** Opening SUPPLIED INFORMATION block **
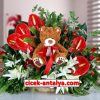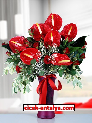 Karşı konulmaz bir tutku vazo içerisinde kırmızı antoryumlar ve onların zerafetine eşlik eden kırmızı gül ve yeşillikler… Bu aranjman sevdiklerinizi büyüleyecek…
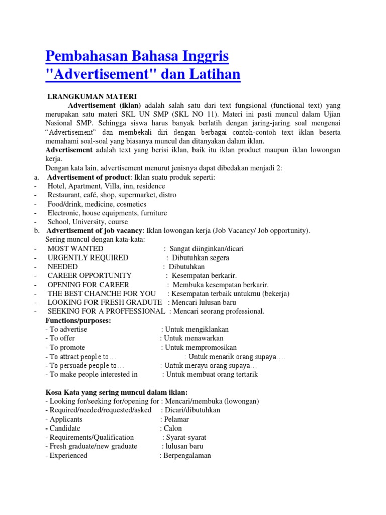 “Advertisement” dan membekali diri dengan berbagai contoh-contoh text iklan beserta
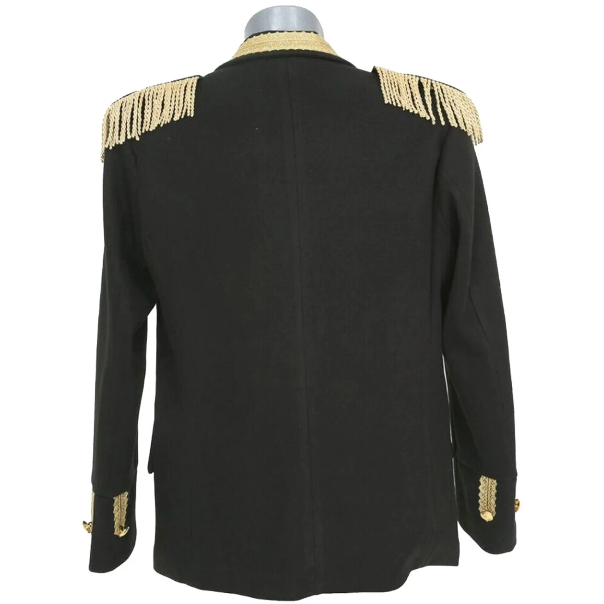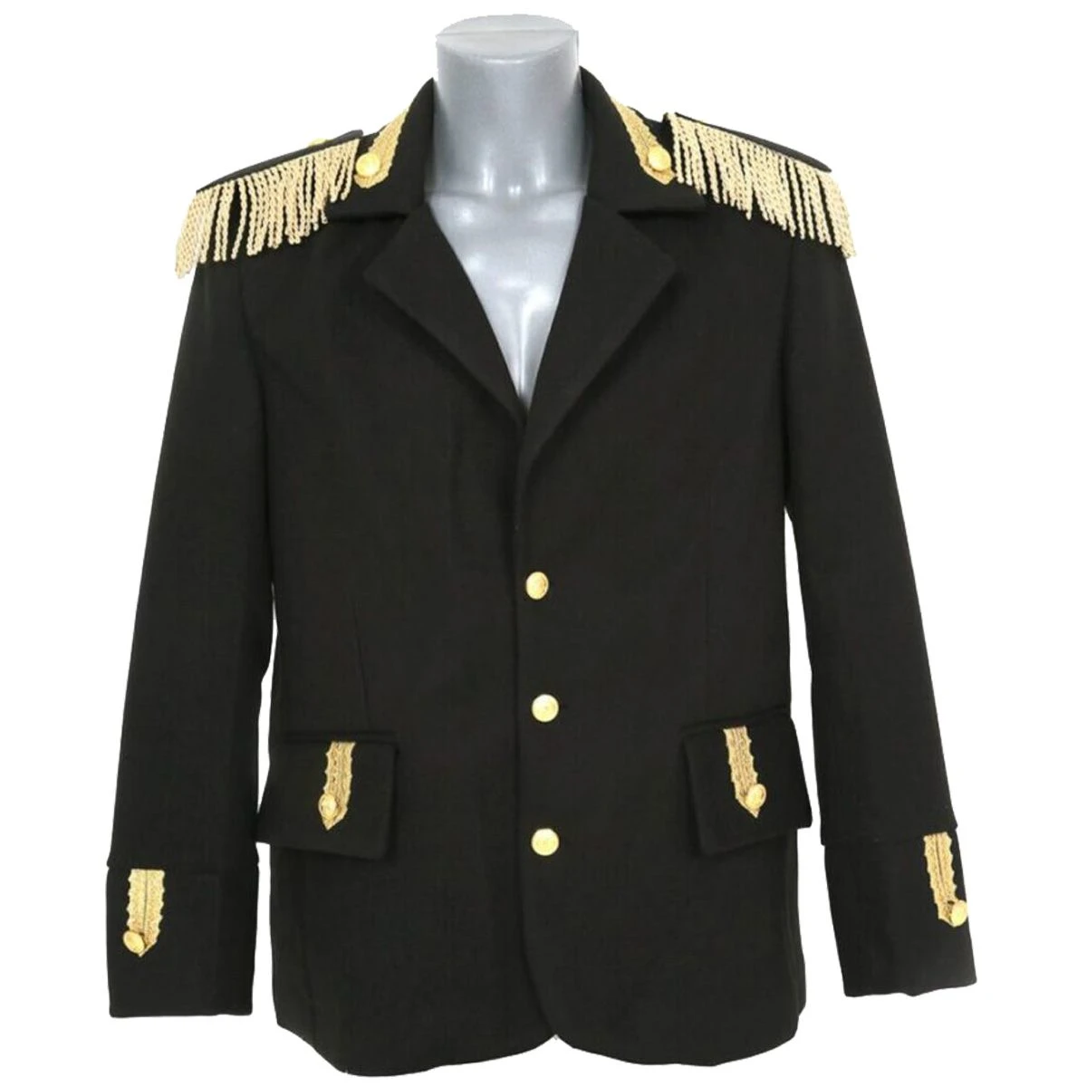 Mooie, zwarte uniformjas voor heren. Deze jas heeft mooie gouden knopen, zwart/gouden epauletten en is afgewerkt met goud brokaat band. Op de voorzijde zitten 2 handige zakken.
** Closing SUPPLIED INFORMATION block **
◆ **PROBLEM TO SOLVE**: The output should be the material above, copied exactly, without its pictures.

◆ **ANSWER SECTION**:
 Karşı konulmaz bir tutku vazo içerisinde kırmızı antoryumlar ve onların zerafetine eşlik eden kırmızı gül ve yeşillikler… Bu aranjman sevdiklerinizi büyüleyecek…
 “Advertisement” dan membekali diri dengan berbagai contoh-contoh text iklan beserta
 Mooie, zwarte uniformjas voor heren. Deze jas heeft mooie gouden knopen, zwart/gouden epauletten en is afgewerkt met goud brokaat band. Op de voorzijde zitten 2 handige zakken.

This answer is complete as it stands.